There is no doubt a risk of mal-adaptation if one uses results from only one RCM or from downscaling of a small ensemble of distinct GCM simulations. Or if the numbers are interpreted incorrectly. One solution for overcoming the limitations connected to ensemble size may be through the use of ‘hybrid downscaling’ and ‘pseudo reality’ to emulate a large number of GCM projections. However, these results are as good as the RCM simulations at best and may also need bias-adjustment.
Climate adaptation needs to build on reliable, salient and relevant information, which requires a ‘distillation’ process that accounts for the models minimum skillful scales, multi-model ensembles, and different and independent sources of information. It will involve observations, different types of models, ensembles, evaluation, statistical theory (e.g. how numbers “behave” and how to deal with statistical samples) and artificial intelligence. There are also sensible actions such as making use of sensitivity tests to explore what is most important and how different choices (e.g. subselection of ensembles) affect the final outcome.

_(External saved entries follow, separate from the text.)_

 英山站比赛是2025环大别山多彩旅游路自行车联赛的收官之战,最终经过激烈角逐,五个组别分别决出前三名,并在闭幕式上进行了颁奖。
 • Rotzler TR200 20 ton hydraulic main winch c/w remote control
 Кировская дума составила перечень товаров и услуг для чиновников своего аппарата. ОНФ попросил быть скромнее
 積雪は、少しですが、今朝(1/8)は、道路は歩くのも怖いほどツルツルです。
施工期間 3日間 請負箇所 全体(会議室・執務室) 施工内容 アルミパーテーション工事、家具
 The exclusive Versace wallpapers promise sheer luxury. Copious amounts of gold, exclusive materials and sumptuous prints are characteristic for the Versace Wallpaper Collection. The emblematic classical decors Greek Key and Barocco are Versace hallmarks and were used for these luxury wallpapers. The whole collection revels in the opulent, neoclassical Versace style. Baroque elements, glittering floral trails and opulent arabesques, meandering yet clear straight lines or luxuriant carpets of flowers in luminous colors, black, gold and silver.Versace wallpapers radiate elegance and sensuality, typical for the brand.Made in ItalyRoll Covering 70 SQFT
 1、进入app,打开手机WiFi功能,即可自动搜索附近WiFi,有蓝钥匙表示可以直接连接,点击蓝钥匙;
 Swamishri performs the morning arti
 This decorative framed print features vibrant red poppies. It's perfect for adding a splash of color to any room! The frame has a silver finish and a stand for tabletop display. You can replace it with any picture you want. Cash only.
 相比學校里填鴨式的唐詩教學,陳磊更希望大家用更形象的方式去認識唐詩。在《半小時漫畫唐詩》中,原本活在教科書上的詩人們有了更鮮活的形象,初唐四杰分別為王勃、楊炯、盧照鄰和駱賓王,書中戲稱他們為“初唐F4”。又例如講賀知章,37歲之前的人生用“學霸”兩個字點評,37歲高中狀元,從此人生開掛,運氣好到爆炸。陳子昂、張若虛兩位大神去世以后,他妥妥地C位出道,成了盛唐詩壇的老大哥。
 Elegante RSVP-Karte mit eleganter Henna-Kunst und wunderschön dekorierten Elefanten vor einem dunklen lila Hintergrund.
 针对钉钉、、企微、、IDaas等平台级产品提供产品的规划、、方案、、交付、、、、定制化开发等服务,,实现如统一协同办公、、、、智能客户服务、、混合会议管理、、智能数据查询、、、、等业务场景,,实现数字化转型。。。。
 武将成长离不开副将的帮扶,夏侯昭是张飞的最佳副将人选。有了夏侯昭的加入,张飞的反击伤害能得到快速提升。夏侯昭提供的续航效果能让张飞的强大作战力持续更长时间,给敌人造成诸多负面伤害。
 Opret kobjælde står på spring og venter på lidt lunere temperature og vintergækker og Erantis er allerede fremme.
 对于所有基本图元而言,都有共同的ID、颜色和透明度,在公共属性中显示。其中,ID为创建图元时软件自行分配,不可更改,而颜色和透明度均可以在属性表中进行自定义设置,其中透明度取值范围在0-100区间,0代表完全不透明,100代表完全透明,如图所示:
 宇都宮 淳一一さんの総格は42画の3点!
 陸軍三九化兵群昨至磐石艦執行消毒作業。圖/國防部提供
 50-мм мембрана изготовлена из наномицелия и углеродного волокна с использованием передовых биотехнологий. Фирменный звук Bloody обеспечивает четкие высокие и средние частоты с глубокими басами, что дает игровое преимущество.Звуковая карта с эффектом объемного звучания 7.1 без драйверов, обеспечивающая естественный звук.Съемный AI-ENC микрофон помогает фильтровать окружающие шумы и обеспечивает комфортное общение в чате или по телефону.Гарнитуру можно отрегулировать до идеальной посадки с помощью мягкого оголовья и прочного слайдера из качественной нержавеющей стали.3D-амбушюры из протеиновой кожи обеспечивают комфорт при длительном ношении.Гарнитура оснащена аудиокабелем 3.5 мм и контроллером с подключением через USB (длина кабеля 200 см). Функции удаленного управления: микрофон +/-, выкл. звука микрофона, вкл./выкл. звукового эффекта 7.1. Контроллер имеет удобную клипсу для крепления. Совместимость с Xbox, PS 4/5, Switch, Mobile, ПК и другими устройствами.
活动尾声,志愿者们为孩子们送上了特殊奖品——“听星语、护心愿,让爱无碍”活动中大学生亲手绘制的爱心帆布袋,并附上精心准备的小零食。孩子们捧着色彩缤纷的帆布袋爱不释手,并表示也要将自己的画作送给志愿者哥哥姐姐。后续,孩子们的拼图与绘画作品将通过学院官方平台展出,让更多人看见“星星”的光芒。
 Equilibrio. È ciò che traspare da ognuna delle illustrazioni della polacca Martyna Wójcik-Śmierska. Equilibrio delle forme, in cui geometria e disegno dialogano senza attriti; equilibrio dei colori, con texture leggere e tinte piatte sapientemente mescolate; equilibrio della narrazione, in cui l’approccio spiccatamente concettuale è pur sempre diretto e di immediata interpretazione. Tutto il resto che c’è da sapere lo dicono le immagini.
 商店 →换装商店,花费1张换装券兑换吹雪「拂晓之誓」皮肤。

In summary, climate adaptation is not merely a “plug-and-play” process where data is downloaded from a data portal and somehow ensures optimal decisions. An analogy is that we don’t expect that a drug store is sufficient for people to get the right medicine, we also need ‘doctors’ who can provide proper guidance and consultation. Hence, some of the most important ingredients of climate services are the climate experts with up-to-date skills giving science-based advice to decision-makers.